In one embodiment of the present invention the delayed release coating is free of any water soluble component and only comprises the enteric material and a slightly soluble, very slightly soluble and/or insoluble processing aids.

In another embodiment of the present invention, the delayed release coating employs a combination enteric materials that dissolve at different pH points.

DETAILED DESCRIPTION OF THE INVENTION

The subject invention concerns a stable delayed release multiparticulate oral pharmaceutical formulation or dosage form comprising an SSNRI such as venlafaxine, desvenlafaxine, sibutramine, nefazodone, milnacipran, desipramine, duloxetine, bicifadine or pharmaceutically acceptable salts thereof. The preferred SSNRI is duloxetine and pharmaceutically acceptable salts thereof, in particular the hydrochloride salt of duloxetine.

The SSNRI is formulated into a multiparticulate solid oral dosage form in accordance with the present invention by mixing the SSNRI with conventional pharmaceutical excipients to prepare an SSNRI core. The SSNRI core is then coated with a seal coating. A delayed release coating is subsequently applied to the seal coating.

The final dosage form of the present invention can be a tablet, capsule or suitable container comprising the delayed release coated particles. A preferred embodiment of the present invention is a multiparticulate tablet or capsule that comprises a plurality, i.e more than one, of delayed release SSNRI particles prepared in accordance with the present invention.
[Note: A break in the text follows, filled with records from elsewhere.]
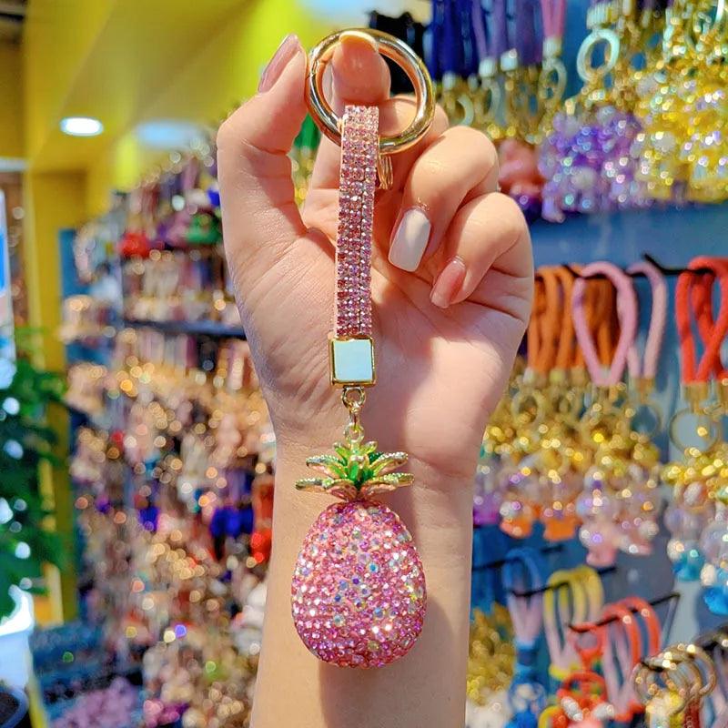 Pineapple Design Full Drill Ceramic Keychain Couple Bag Charm Chain Ring Lanyard Christmas Valentine's Day New Year Gift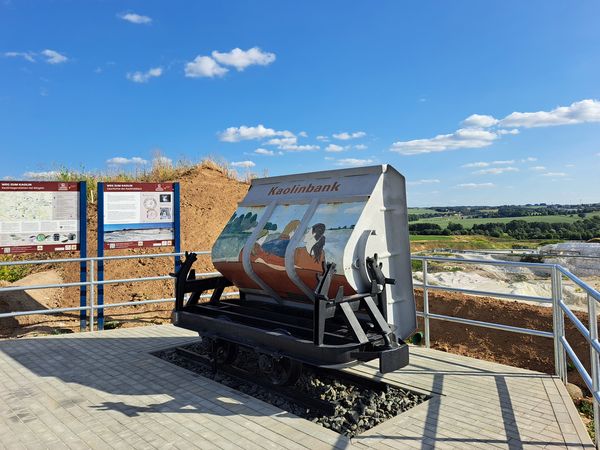Zwei neue Aussichtspunkte laden am Kaolin-Tagebau Schleben/Crellenhain zum Beobachten des Abbaugeschehens ein. Auch die Wegeführung rund um das Abbaufeld der weißen Porzellanerde ist neu. Beide Optimierungen haben die Stadt Mügeln und der Geopark in die GeoRoute "Weg zum Kaolin" aufgenommen.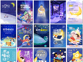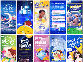 世界睡眠日夜晚晚安你好日签励志儿童公益PSD海报设计元素材模板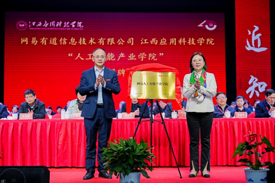 网易有道信息技术有限公司副总裁何皓瑜与江西应用科技学院副校长谢远健共同为学校新获批的共建“人工智能产业学院”揭牌。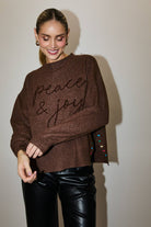 Wrap yourself in warmth and good vibes with The Peace & Joy Sweater. Featuring a soft brown knit and elegant cursive lettering across the front, this sweater is the perfect blend of cozy and meaningful — made for slow mornings, joyful moments, and everything this season stands for.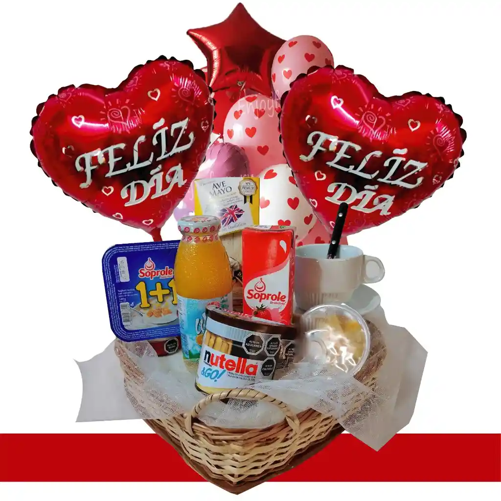 Este Desayuno, es un excelente alternativa para deleitar a Los Pequeños De La Casa La Bandeja incluye: Taza Jugo Sandwich Pan Miga Leche Saborizada Yogurt con cereal Porción de Frutas Nutella y Palitos Servicio ,Tarjeta con saludo. 3 Globitos de saludo (Motivo de acuerdo al Saludo) Todo envuelto en papel celofán. Foto Referencial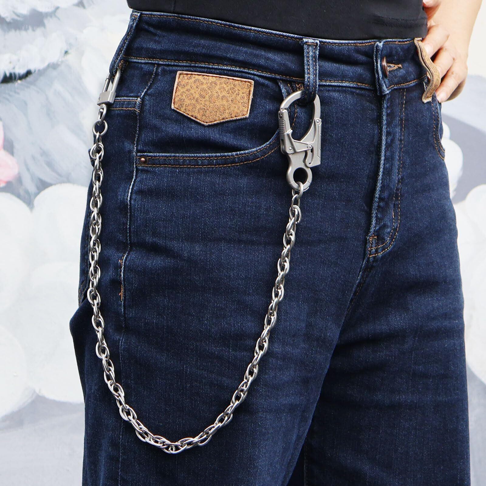[Ahiller] 61cm パンツ用ウォレットチェーン&キーチェーン(合金製ダブルロックカラビナクリップ付き)、パンクスタイルの金属デザイン。バイカーギアとウォレットアクセサリー用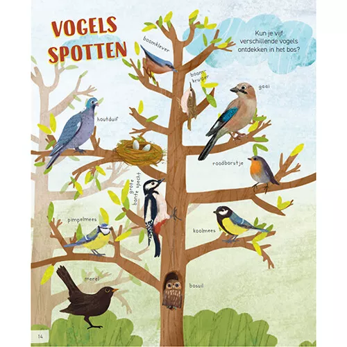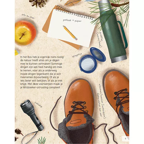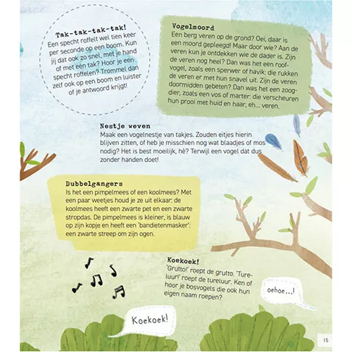 Leer vogels, planten en dieren herkennen en leef je uit met de meer dan honderdzestig activiteiten in het boek waarbij je steeds meer over het bos ontdekt. Van het maken van katapulten, je richting bepalen aan de hand van de zon en het zoeken naar zaden tot racen met echte slakken, regenwormen voelen en bomen nadoen.

As used herein, the term “particle” includes small individual units that comprise at least the drug and one pharmaceutically acceptable excipient. The particles may range in size from about 0.1 mm to about 3.0 mm, preferably about 0.5 to about 1.5 mm. The particles may be coated granules, microtablets (sometimes referred to as mini tablets), beads or pellets.

In the case of granules, the granule may be formed by conventional wet or dry granulation techniques wherein the SSNRI is mixed with at least one pharmaceutically acceptable excipient such as a filler to create a granule that will be coated as described in detail below. The granule may be irregularly shaped or approximately spherical.

In the case of microtablets, the SSNRI is mixed with conventional pharmaceutical excipients and compressed into small tablets using conventional techniques such as a rotary tablet press. The compressed microtablets are coated as described below.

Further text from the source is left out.